Le Maire did not use the word “nationalize” during his announcement, speaking only of the “right of pre-emption.”
However, he did say that the French state now “will be a 100 percent shareholder” of the shipyard, which last year turned out the world’s largest cruise ship, the Harmony of the Seas, and created the Queen Mary II.
The minister said nationalizing the shipyard would cost the French government 80 million euros (US$93 million), but that the facility would not remain under state control permanently.
France’s main goal is “to defend the strategic interests of France,” Le Maire said, adding that the Saint-Nazaire shipyard is the only one in France capable of making hulls for military ships, including aircraft carriers.
France, trying to beat back a 10 percent unemployment rate, also wants to guarantee jobs for the shipyard workers on its soil.
Current orders mean there are job prospects for 11 years in Saint-Nazaire.
However, Le Maire said he wants to “strengthen” job guarantees in any sale in case there is a market reversal in the future.
The decision came only days before Fincantieri was supposed to take a majority stake in the shipyards.
The Italian fim has rejected a proposal that would have given France and Italy each 50 percent, with operational control being held by state-owned Fincantieri.
However, time was running out for Paris.
France held 33 percent of the shares in the shipyard, with a weekend deadline before Fincantieri bought it.
The current majority owner, STX France SA, a subsidiary of South Korean group STX Offshore & Shipbuilding Co Ltd, decided to sell the shipyard months ago.
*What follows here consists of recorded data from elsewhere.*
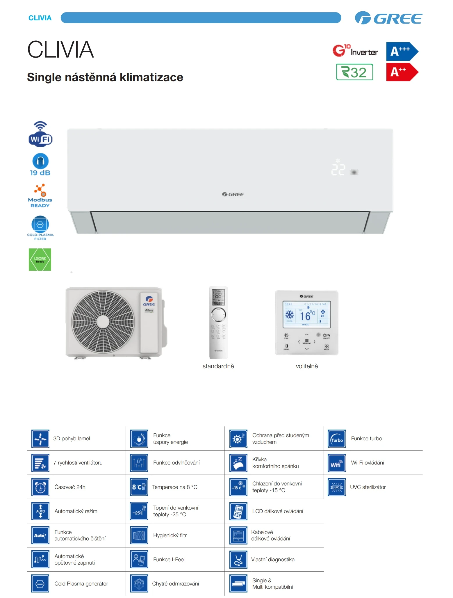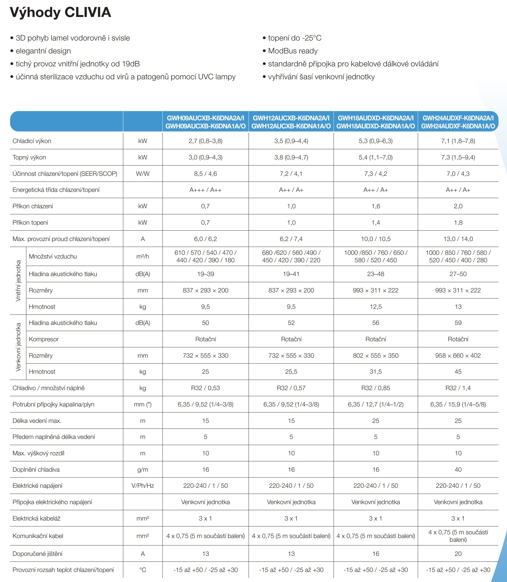 Elegantná klimatizácia s tichou prevádzkou od 19 dB, účinnou UVC sterilizáciou vzduchu a 3D pohybom lamiel. Spoľahlivo kúri až do –25 °C, ponúka podporu ModBus, vyhrievanie šasi vonkajšej jednotky a možnosť káblového ovládania.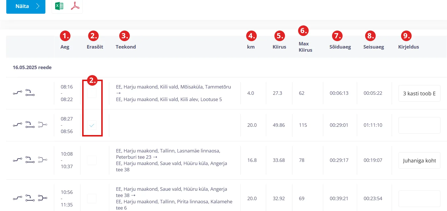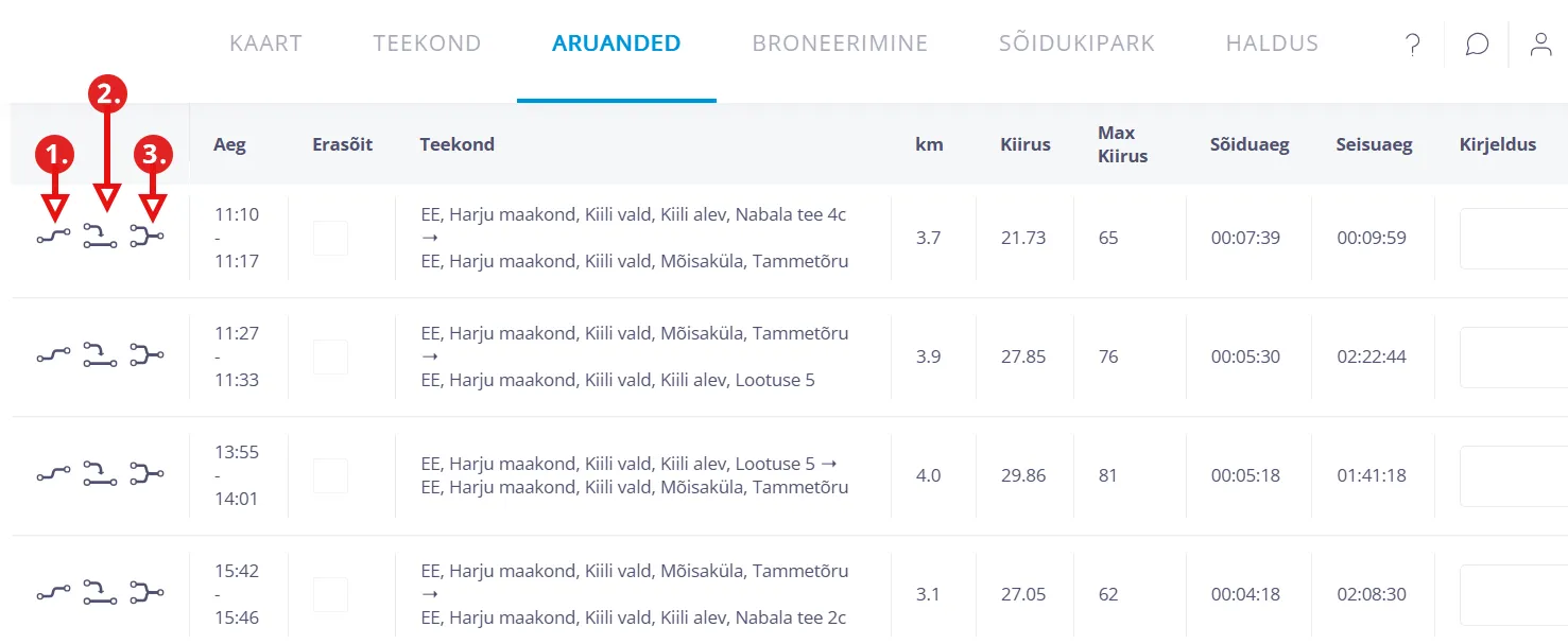- Aeg - näitab sõidu alguse- ja lõpuaega.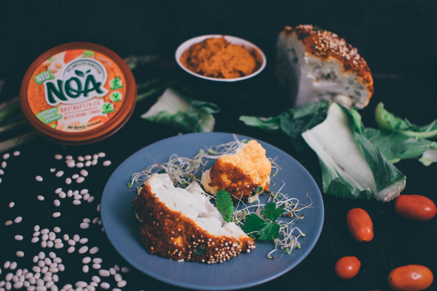 Habt ihr Lust ein eigenes Rezept mit dem neuen Aufstrich zu kreieren – egal ob ihr das Startpaket gewinnt oder nicht? Wir haben zum Beispiel eines mit gebackenem Blumenkohl gemacht (das Video gibt es weiter unten). Eure Rezepte könnt ihr bis zum 15.7.2017 bei uns einreichen unter hallo@deutschlandistvegan.de, oder via Post auf Facebook, oder via Post auf Instagram – mit dem Hashtag #noapflanzlich und #deutschlandistvegan. Unter allen Teilnehmern suchen wir zwei Rezepte aus, die dann auf unserem Blog Deutschlandistvegan.de veröffentlicht werden. Und zwei Gewinner bekommen außerdem noch eine richtig schöne NOA Überraschung.;-)
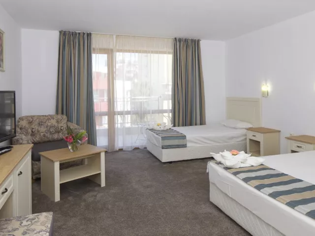 Hotel Mena Palace sa nachádza priamo v centre Slnečného pobrežia, len 150-250 m od pláže a blízko nákupných a zábavných možností. Letisko Burgas je vzdialené približne 25 km, čo zaručuje ľahký prístup na ubytovanie.

The Italian company made the only buyout offer.
Le Maire said the 50-50 French proposal is still on the table and that he thinks France and Italy would find an agreement that works for both sides “in the coming weeks.”
However, Italy criticized the French move.
Italian Minister of Economic Affairs Pier Carlo Padoan and Italian Minister of Economic Development Carlo Calenda, in a joint statement on Thursday evening, labeled as “grave and incomprehensible the French government’s decision to not carry out already agreed upon accords.”
They said they would meet with Le Maire on Tuesday in Rome, but added that “nationalism and protectionism are not acceptable bases upon which to regulate relations between two great European nations.”
Italian Minister of Foreign Affairs Angelino Alfano said earlier that his country “doesn’t accept ultimatums.”